Néanmoins, la pauvreté, le sous-emploi et les spéculations commerciales continuent à porter des coups rudes aux populations. Une part de colère est donc légitime, dans un tel contexte. Pour autant, cela doit-il ou peut-il être le seul moteur de l’action politique ?
Il est loisible de noter ou d’observer que l’absence de propositions et/ou le mutisme sur les véritables problèmes se posant au pays, sont les positions les mieux partagées sur la scène politique. Critiquer, vitupérer, enfoncer des portes ouvertes en dénonçant tout et rien, sont devenus les principales activités de notre classe politique.
De Yoonu yokuté au Pse, toutes les politiques publiques mises en application depuis 2012, offrent des solutions pour le présent et le futur immédiat du pays. Sont-elles les meilleures ou les plus pertinentes ? Elles valent ce qu’elles valent, mais ont l’avantage de proposer des perspectives et un avenir. En face, il n’y a presque rien, plutôt des dénonciations, constatations sur les attentes ou les insatisfactions des populations. Ni propositions, ni programmes chiffrés et documentés sur les problèmes du pays et son devenir. Tout au plus, certains proposent-ils de raser gratis, ouvrir des bûchers ou dresser des potences, comme si l’on devait rééditer la Révolution Française de 1789 ou celle d’octobre 1917 en Russie !
L’éducation et l’école ne peuvent continuer sous le même format et les mêmes déclinaisons de la maternelle au supérieur, car les temps ont changé entre l’école que proposait Senghor en 1960 et notre époque, où les Tics ont tout bouleversé avec leur civilisation du digital et de la connectivité. L’emploi (des jeunes mais pas seulement) exige des réponses adaptées à notre situation : une démographie positive, une vie professionnelle allongée, avec la retraite à 60 ans, dans un contexte où les progrès de la science et de la technique détruisent des emplois dans tous les secteurs, du fait de l’automatisation et de la robotisation.
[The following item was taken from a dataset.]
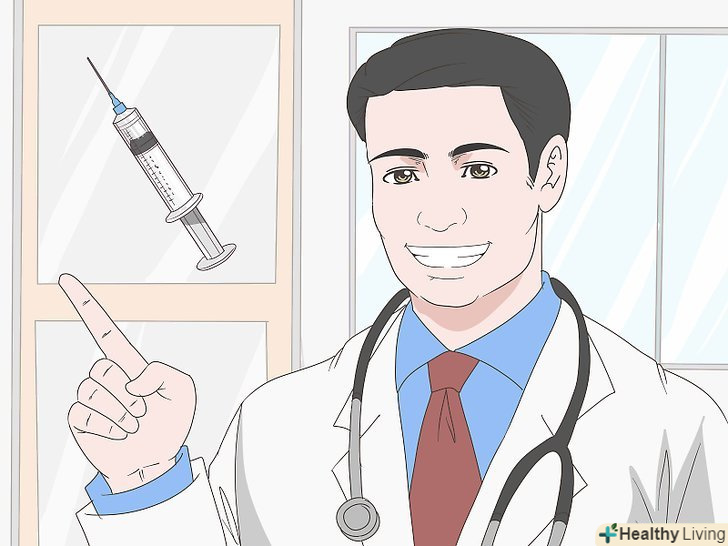 Порадьтеся з лікарем, чи необхідна Вам щеплення від правця.через рану в організм можуть проникнути бактерії, в тому числі ті, які викликають правець. Якщо ви не отримували щеплення від правця протягом останніх 5 років, лікар може призначити її, щоб запобігти інфекції.[9]- Якщо ви не пам'ятаєте, коли проходили вакцинацію від правця останній раз, ймовірно, лікар порадить про всяк випадок зробити щеплення.
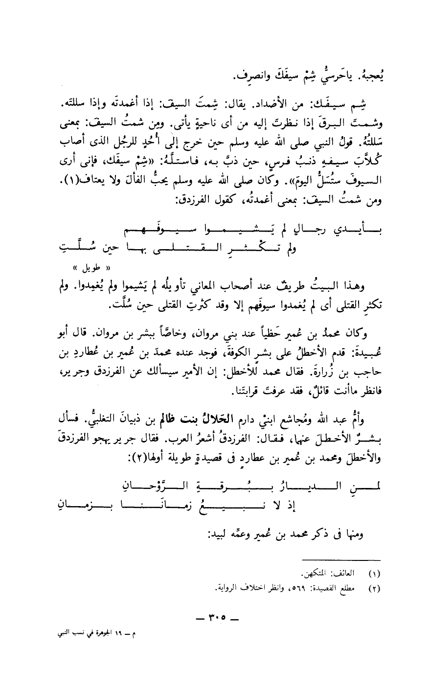 الأكرمين. قال: فأنت إذا من زيد مناة؟ قلت: أجل. قال: فمن الجدود أم من البحور أم من الثِّماد؟ فعلمت أن الجدود مالك وأن البحور سعد، وأن الثماد بنو القيس بن زيد بن مناة. قلت: من الجدود. قال: فإنت إذا من بني مالك؟ قلت: أجل. قال: أفمن الذرى أم من الأرداف؟ فعلمت أن الذرى حنظلة، وأن الأرداف ربيعة ومعاوية، وهما الكُردوسانِ قلت: من الذرى. قال: فأنت إذا من بني حنظلة. قلت: أجل. قال: أفمن البدور أم من الفرسان أم من الجارثيم؟ فعلمت أن البدور مالك، وأن الفرسان يربوع، وأن الجارثيم البراجم. قلت: من البدور. قال: فأنت إذا من بني مالك بن حنظلة. قلت: أجل. قال: أفمن الأرنبة أم من القف؟ فعلمت أن الأرنبة دارم، وأن اللحيين طهية والعدوية، وأن القفا ربيعة بن حنظلة. قلت: من الأرنبة. قال: فأنت إذا من دارم؟ قلت: أجل. قال: أمن اللباب أم من الهضاب، أم من الشهاب؟ فعلمت أن اللباب عبد الله، وأن الهضاب مجاشع، وأن الشهاب نهشل. قلت: من اللباب. قال: فأنت إذا من بني عبد الله؟ قلت: أجل. قال: أفمن البيت أم من الزوافر؟ فعلمت أن البيت بنو زرارة، وأن الزوافر الأحلاف. قلت: من البيت. قال: فأنت إذا من بني زرارة؟ قلت: أجل. قال: فإن زرارة ولد عشرة: حاجيا، ولقيطا، وعلقمة، ومعبدا، وخزيمة، ولبيدا، وأبا الحرث، وعمرا، وعبد مناة، ومالكا. فمن أيهم أنت؟ قلت من بني علقمة. قال: فإن علقمة ولد شيبان، لم يلد غيره. فتزوج شيبان ثلاث نسوة مهدد بنت حُمران بن بشر بن عمرو بن مرثدٍ، فولدت له يزيد. وتزوج عكرشة بنت حاجب بن زرارة بن عُدس، فولدت له المأمور، وتزوج عمرَة بنت بِشْر بن عمرو بن عُدْس، فولدت له المُقعد، فلأيهن أنت؟ قلت: لمهدد. قال: يابن أخي، ما افترقت فرقتان بعد مدركة إلا كنت في أفضلهما حتى زاحمك أخواك، فإنهما أن تلدنى أمهما أحب إلي من أن تلدني أُمك. يابن أخي أتُراني عرفتك؟ قلت: إي وأبيك، أيُّ معرفة؟! ومن بني مجاشع بن دارم صعصعة بن ناجية بن عقال بن محمد بن سفيان

Le rôle et la place de l’industrie, l’agriculture et les ressources nationales dans l’élaboration d’un futur pour le pays, sont des questionnements incontournables. L’avancée du désert, l’érosion de nos côtes maritimes, la rareté des ressources halieutiques, la protection de la nature et de notre biodiversité, tous ces sujets nous interpellent. Toutes ces questions me paraissent plus vitales pour notre pays, que les algarades et les jeux de matamores que l’on observe dans cette période de pré-campagne pour les élections locales.
Sur ce registre d’ailleurs, tous les candidats à la conquête des Villes ou départements ne rivalisent que sur un registre : celui consistant à dire les choses les plus épouvantables contre leurs adversaires. Mais, nul n’offre un programme pour améliorer le cadre de vie d’une cité, ou ne s’aventure à afficher des ambitions, pour faire de la Ville ou du département qu’il veut diriger, une métropole de dimension mondiale ou d’en faire le département le plus riche du pays.
Senghor rêvait de faire du Sénégal, une Grèce noire. Wade, lui, ambitionnait de transformer le pays en lion économique. Ils savaient nous faire rêver et nous promettaient un horizon mythique. Macky Sall, par l’émergence, nous conduit depuis 10 ans en accélérant la cadence dans ce nouveau monde, où tout est à inventer. Et pourtant, la classe politique ne nous offre que des combats de gladiateurs.